# Tedder with dew or after dew?



## JD3430 (Jan 1, 2012)

Seems like after every cut, you have morning dew, which is external moisture. Is it better to wait for this dew to burn off the top of the crop THEN Tedder or Tedder with dew on the hay early in morning?


----------



## rjmoses (Apr 4, 2010)

Depends on your crop.

For alfalfa, I try to ted within 12-18 hours after mowing, otherwise I believe the leaves will be to dry and brittle. If I do have to ted because of rain or such, I would try to do it while there is some dew on it. My dew typically burns off by about 10-11:00 AM, so I would start about 9:30-10:00 while there is still moisture in the leaves.. If the leaves are dry and brittle, I will not ted--too late.

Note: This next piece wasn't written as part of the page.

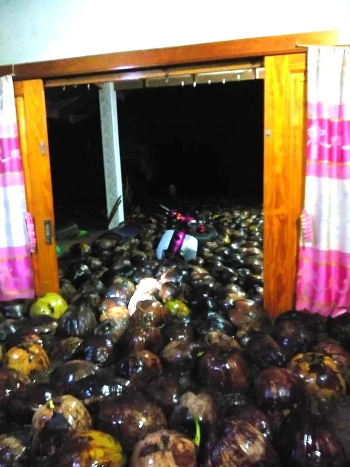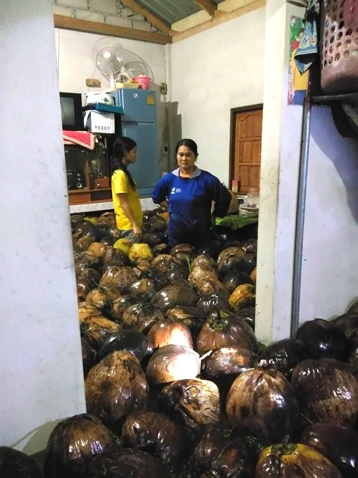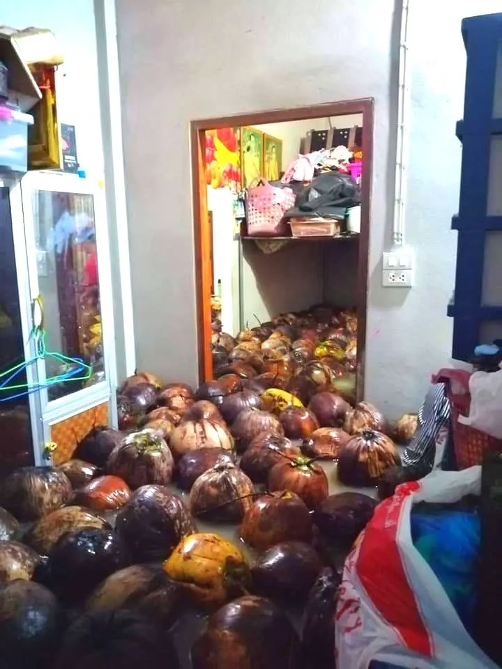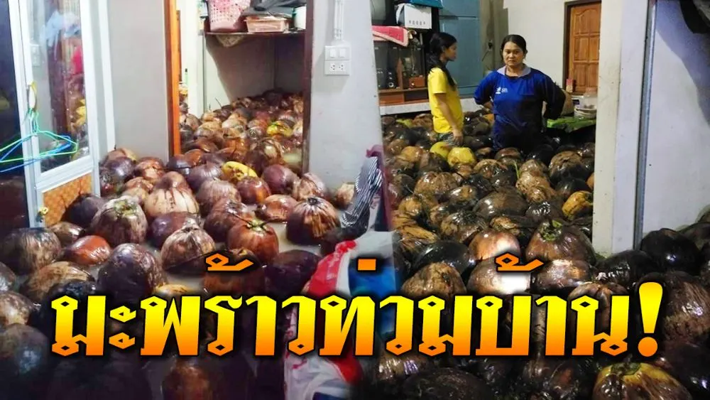น้ำท่วมสวนบางสะพาน หอบเอามะพร้าวเข้าบ้านเต็มพื้นที่ ราวกับแดนสนธยา
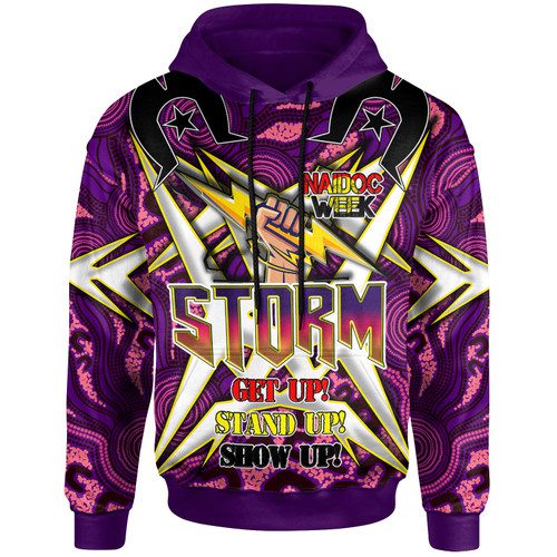 Melbourne Storm Hoodie – Custom Naidoc Week Melbourne Storm Hand Thunder With Aboriginal Inspired Pattern ”Get up, Stand Up, Show Up” Hoodie

For grass, I will wait until the dew is gone and start tedding around noon-1:00 PM or later. I don't think timing is as critical with grass hay.

I try to ted only once. I also try to balance saving color with getting it dry. More tedding--less color.

Just my thoughts.

Ralph


----------



## dubltrubl (Jul 19, 2010)

For me, it just depends. If things are fully cured and leaning toward too dry, I'll ted with a little dew on 'cuz I want the moisture to hold leaves on. If it's leaning toward still too damp in the stems, I'll wait for the dew to dry before I ted. Mostly, if it's the day after cutting, then I'm usually trying to expose more grass to the sun and wind, then that's when I'll wait a bit. If the grass has already been tedded once and spread out, but pretty well cured the afternoon before, then I probably want a little extra moisture in it to keep the leaves together. If the dew ain't too heavy I'll sometimes ted it in. Just gotta go with a gut feeling and decent judgement sometime. I also try to ted only once if possible, but sometimes mother nature has other plans. Clear as mud now?,,, 

Steve


----------



## hillside hay (Feb 4, 2013)

I usually do it with the dew even with grass hay. I go a little less aggressive when I ted seeking more to aerate the windrow under ideal conditions to preserve color. On a related note, Have you noticed the strength of the uv rays this year? I've been experiencing much more bleaching this year .


----------



## DSLinc1017 (Sep 27, 2009)

hillside hay said:


> I usually do it with the dew even with grass hay. I go a little less aggressive when I ted seeking more to aerate the windrow under ideal conditions to preserve color. On a related note, Have you noticed the strength of the uv rays this year? I've been experiencing much more bleaching this year .


I've noticed the bleaching, I was thinking it was because of humidity, but UV could be it


----------